Abstract Date: 4/8/2014

Author(s):
Eric M. Thompson, MD (Toronto, Canada)
Michael Taylor, MD, PhD (Toronto)

Introduction

Medulloblastoma is now acknowledged to comprise 4 distinct molecular subgroups (WNT, SHH, Group 3, and Group 4) that are clinically and genetically distinct. Traditionally, increased extent of resection (EOR) has been associated with improved prognosis for medulloblastoma. This study sought to determine the clinical importance of EOR and metastatic stage by medulloblastoma subgroup.


Methods

Medulloblastoma subgroup affiliation was determined using nanosString profiling. Extent of resection was classified as gross total (GTR), near total (NTR,<1.5cm2), or subtotal (STR,≥1.5cm2) based on post-operative contrast-enhanced CT or MRI. Presence (M+) or absence (M0) of metastases was determined at initial staging. Mantel-Cox log-rank was used to compare overall survival (OS) and ANOVA to compare EOR.


Results

We analyzed 518 medulloblastoma samples: 55 WNT, 150 SHH, 108 Group 3, and 205 Group 4. There was no difference in distribution of GTR, NTR, STR between the 4 subgroups (P=0.3126).
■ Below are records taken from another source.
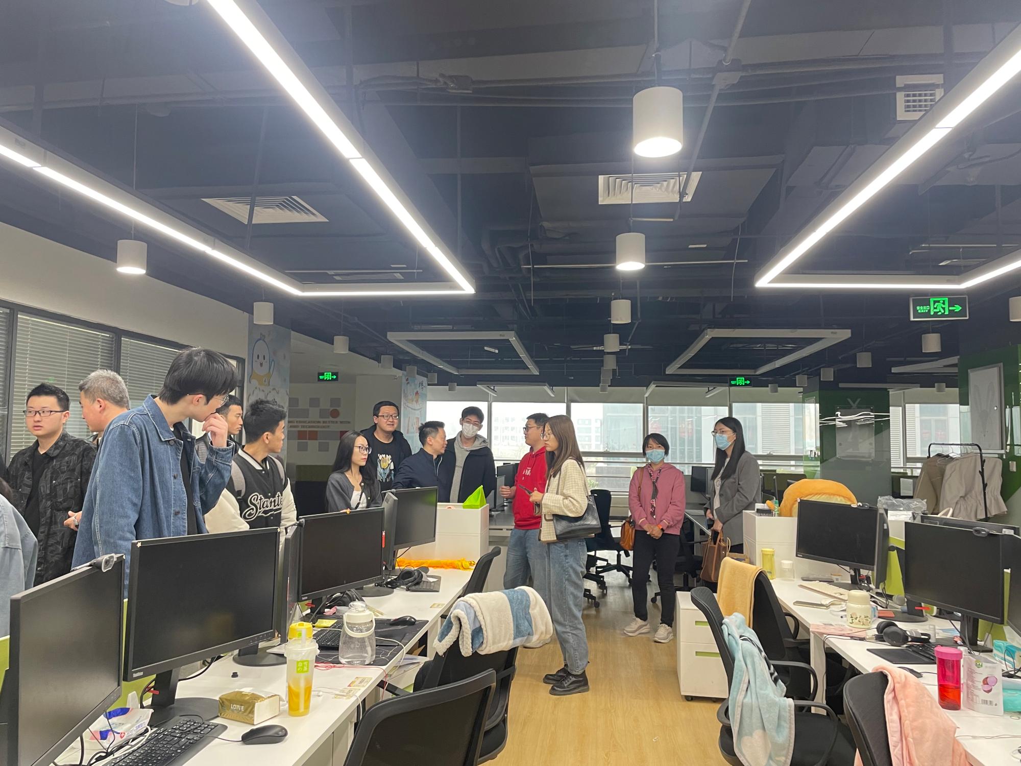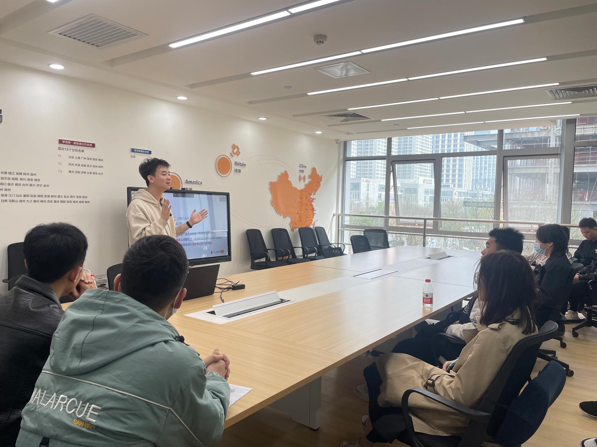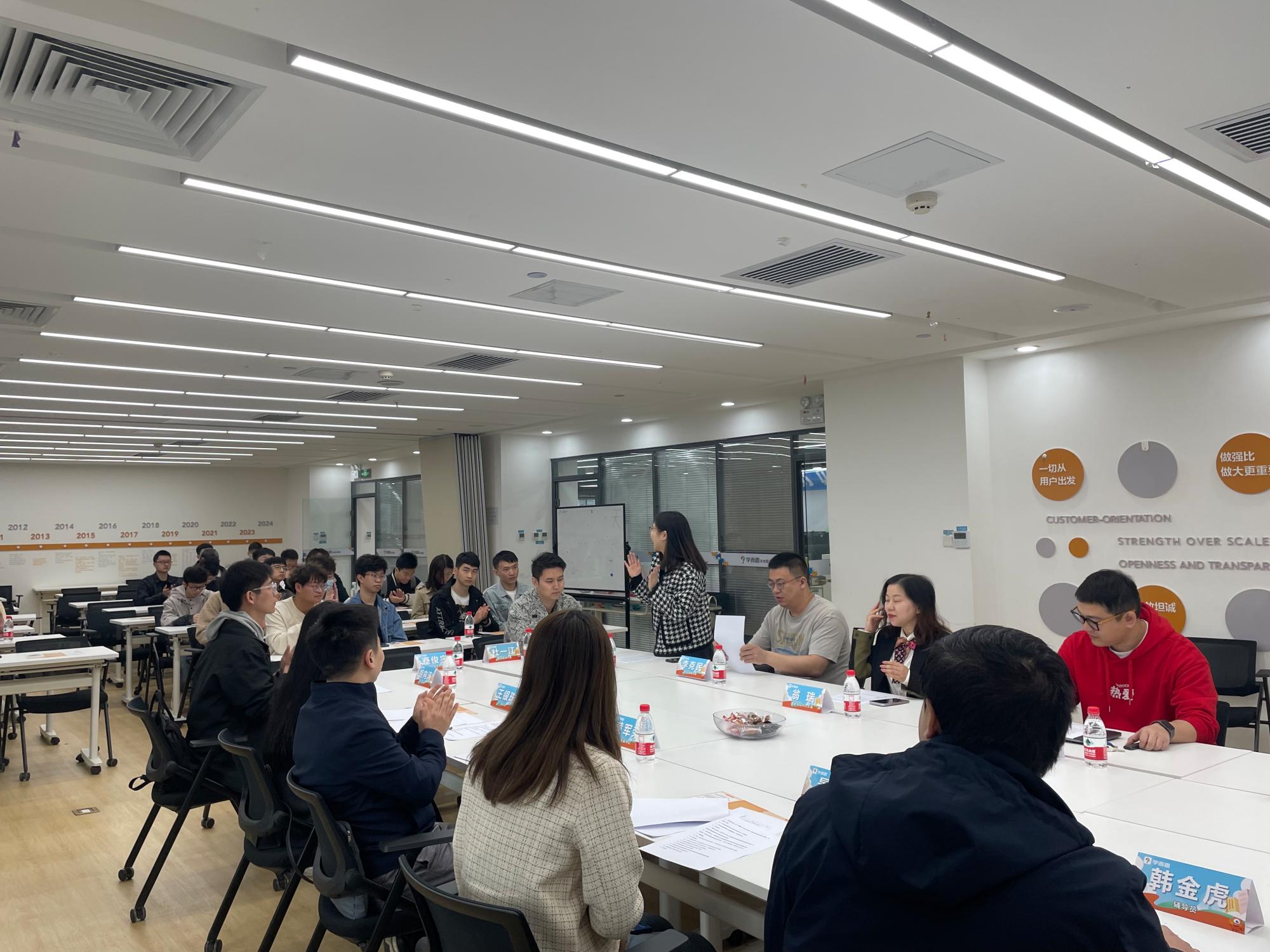 首先,在学而思校招主管张磊杰老师的带领下,师生共同参观了在线教学基地,感受企业的文化氛围,体验教培机构的工作特色。
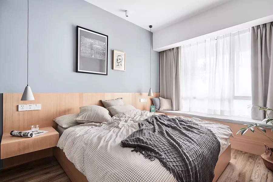 有2個(gè)臥室,還有1個(gè)小書(shū)房,布局真的很不錯(cuò)。整個(gè)家大量搭配了原木家具,清新又自然,文藝又有格調(diào),好喜歡這種休閑又放松的家居氛圍。很多人問(wèn)我客廳刷什么顏色的乳膠漆好,我覺(jué)得淺灰色不錯(cuò),客廳采光特別的給力,好喜歡休閑飄窗的設(shè)計(jì),視野十分開(kāi)闊,看書(shū)休憩都特別的舒服。淺灰色調(diào)不會(huì)顯得過(guò)于沉穩(wěn),在布藝中加些暖色,會(huì)更顯休閑溫馨感。軟裝搭配細(xì)節(jié)放大看一看,哈哈,質(zhì)感真的不錯(cuò),黃色抱枕真的超愛(ài)了!搭配個(gè)小邊幾,擺上綠植,清新又養(yǎng)眼,裝修的時(shí)候墻面別忘了預(yù)留插頭,平時(shí)充電會(huì)更方便些.主臥的采光也特別棒,整個(gè)空間氛圍清新又自然。很喜歡床頭木質(zhì)護(hù)墻板的設(shè)計(jì),和臥床、床頭柜融為一體,十分的協(xié)調(diào)。廚房雖然面積不大,但也打造出U型布局,動(dòng)線(xiàn)合理,操作方便。很喜歡這種時(shí)尚中融入清新色調(diào)的搭配了。冰箱也有了歸屬感!
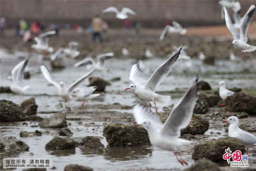 2016年10月23日,海鸥在青岛栈桥海域休栖觅食。中国网图片库 黄杰显/摄 2016年10月23日,海鸥在青岛栈桥海域休栖觅食。当日,上百只红嘴鸥飞临栈桥海域“卖萌”,吸引许多人前来喂食赏鸥,其乐融融,构成一幅人与自然和谐相处的优美画卷。据了解,海鸥是青岛的老朋友,这批红嘴鸥是海鸥大军的先头部队,每年秋冬,数十万只海鸥从西伯利亚寒冷地带飞临青岛觅食越冬,已持续20余年,为青岛增添了亮丽的风景。自1994年冬天青岛发起挽留海鸥行动,前后有上百万市民和游客热情参与。
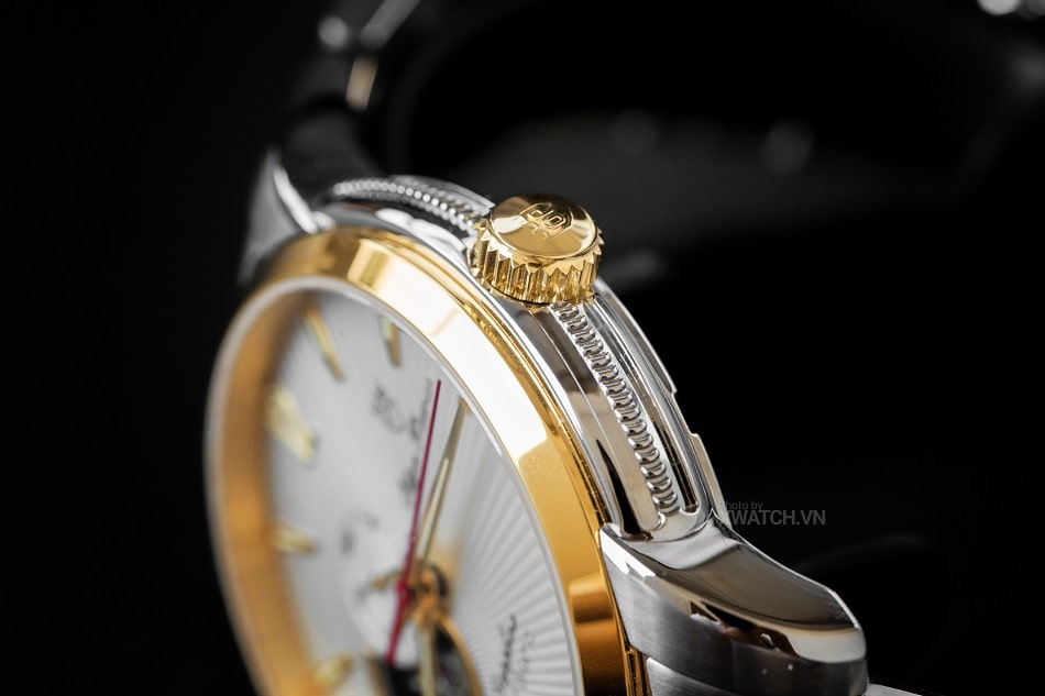 Mang trên mình thiết kế lộ cơ hình trăng khuyết, chiếc đồng hồ tự tin hơn khi có thêm những đường vân Guilloche’ tỏa ra từ ô cửa lộ cơ trông như tia sáng mặt trời. Nghiêng đồng hồ, bạn sẽ thấy những vân này lấp lánh làm sáng bừng cả cổ tay.

Increased EOR was associated with increased OS only in Group 4 patients (P=0.0118). For the M0 subset of patients, EOR was associated with OS only in Group 4 patients (P=0.0055). Extent of resection had no impact on OS in patients with metastasis (M+) regardless of subgroup. M+ patients had a worse OS than M0 patients in the SHH group (P=0.0191) and Group 4 (P=0.0455).


Conclusions

Obtaining a GTR has prognostic significance only in Group 4 patients. Intraoperative medulloblastoma subgrouping will guide surgical resection in the near future. EOR has no impact on M+ patients regardless of subgroup and aggressive surgical resection should not be attempted at the cost of potential morbidity.